Description
A Combinatorial Approach to the p(t)-adic Littlewood Conjecture
Let p be a prime and let p(t) be an irreducible polynomial with coefficients
in a field K. In 2004, de Mathan and Teuli ́e stated the p-adic Littlewood conjecture (p-LC) in analogy to the classical Littlewood conjecture. This talk focuses on the analogue of p-LC over the field of formal Laurent series with coefficients in K, known as the p(t)-adic Littlewood conjecture (p(t)-LC). Specifically, two metric results are provided on p(t)-LC with an additional growth function f. The first - a Khintchine- type theorem for p(t)-adic multiplicative approximation - enables one to determine the measure of the set of counterexamples to p(t)-LC for any choice of f. The second complements this by showing that the Hausdorff dimension of the same set is maximal when p(t) = t in the critical case where f = log2.

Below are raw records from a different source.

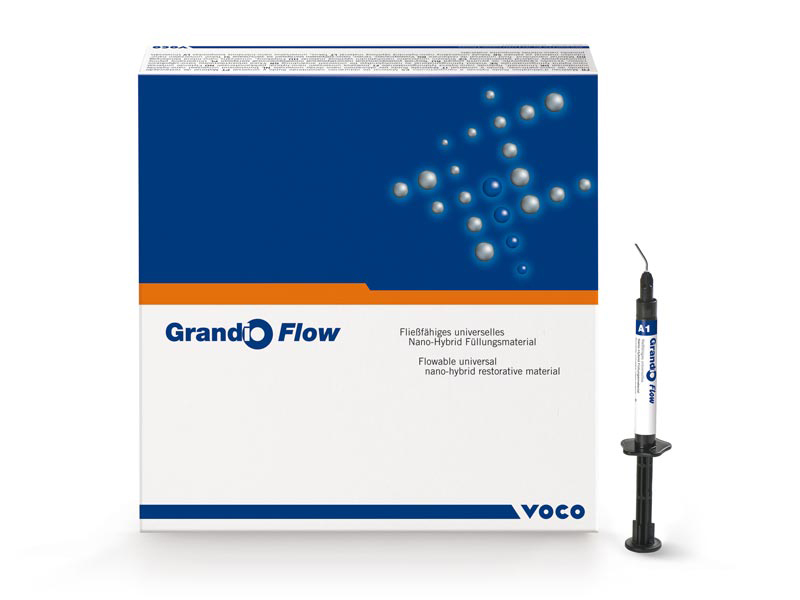 GRANDIO FLOW SYR ric.A1 2x2,0gm 1863 VocoMateriale da restauro fluido nanoibrido universale. Indicato per: otturazione di piccole cavità, sigillo di fessure estese, bloccaggio di sottosquadri, rivestimento di cavità (tecnica con liner, tecnica CBF), cavità di classe III e V, cementazione di pezzi protesici traslucenti (corone di ceramica, faccette), riparazioni di otturazioni nonché di rivestimenti estetici.
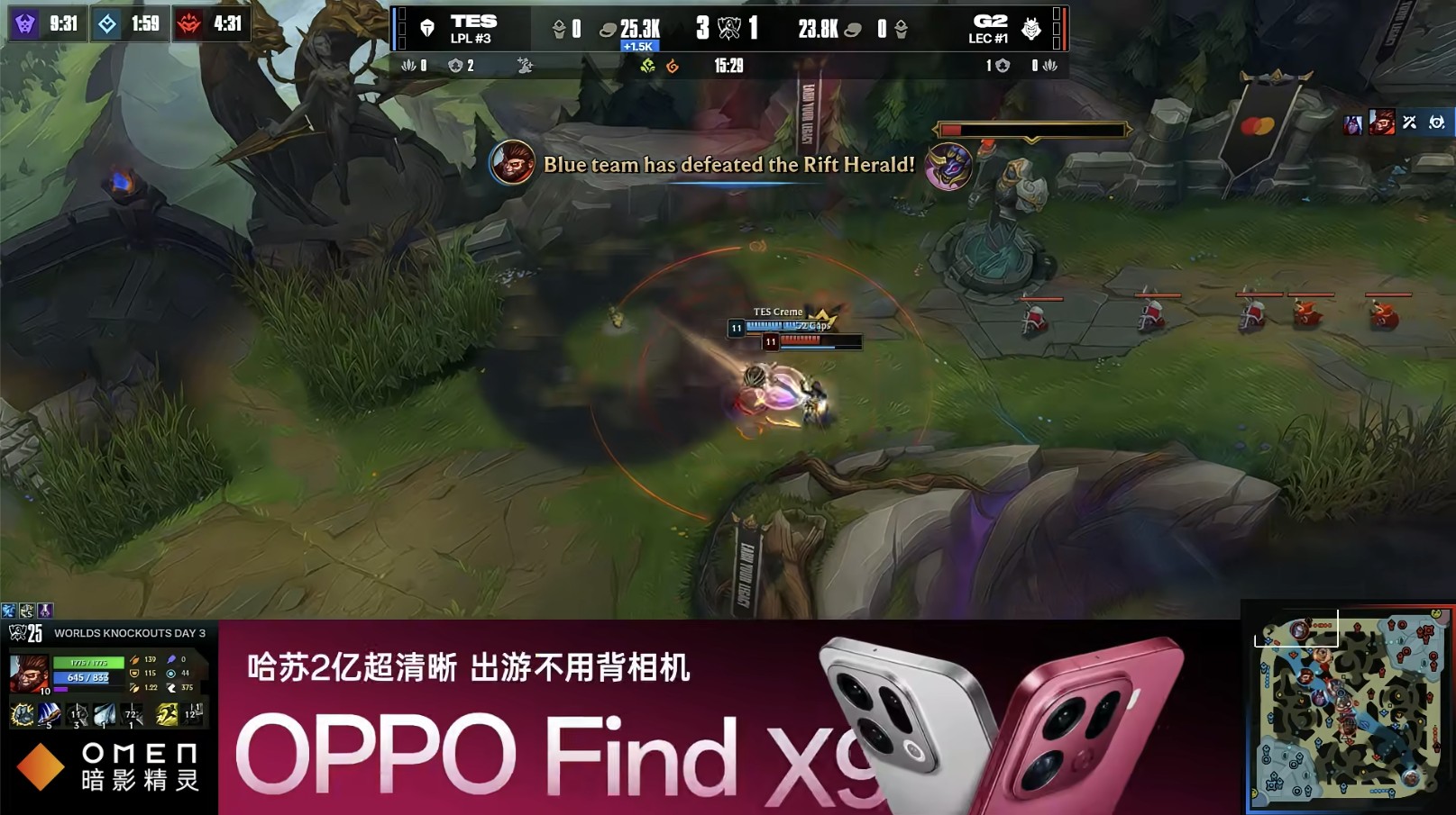 第25分钟,G2尝试开狼母结果被拉扯麻了,TES1换5打出ACE后收下大龙;
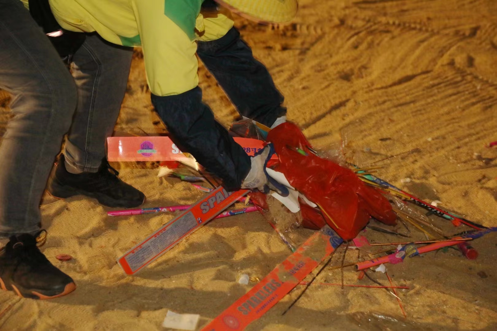 本次煙花燃放清理工作的難點區(qū)域是海天公園沙灘。大型煙花燃放后,大量的碎屑會隱藏在沙子里。為此,保潔清理隊伍分條塊對海灘進行仔細梳理清潔,靠人力一點點撿拾,將沙子里混雜的煙花爆竹碎屑梳理出來,然后用拖運車轉(zhuǎn)運至集中存放點。

These statements are proved by developing a dictionary between Diophantine approximation in function fields and the so-called number wall of a sequence - an infinite array containing the determinant of every finite Toeplitz matrix generated by that sequence. This unique methodology provides a complementary approach to the classical strategies used to attack a problem in Diophantine approximation: namely, Ergodic Theory and Number Theory.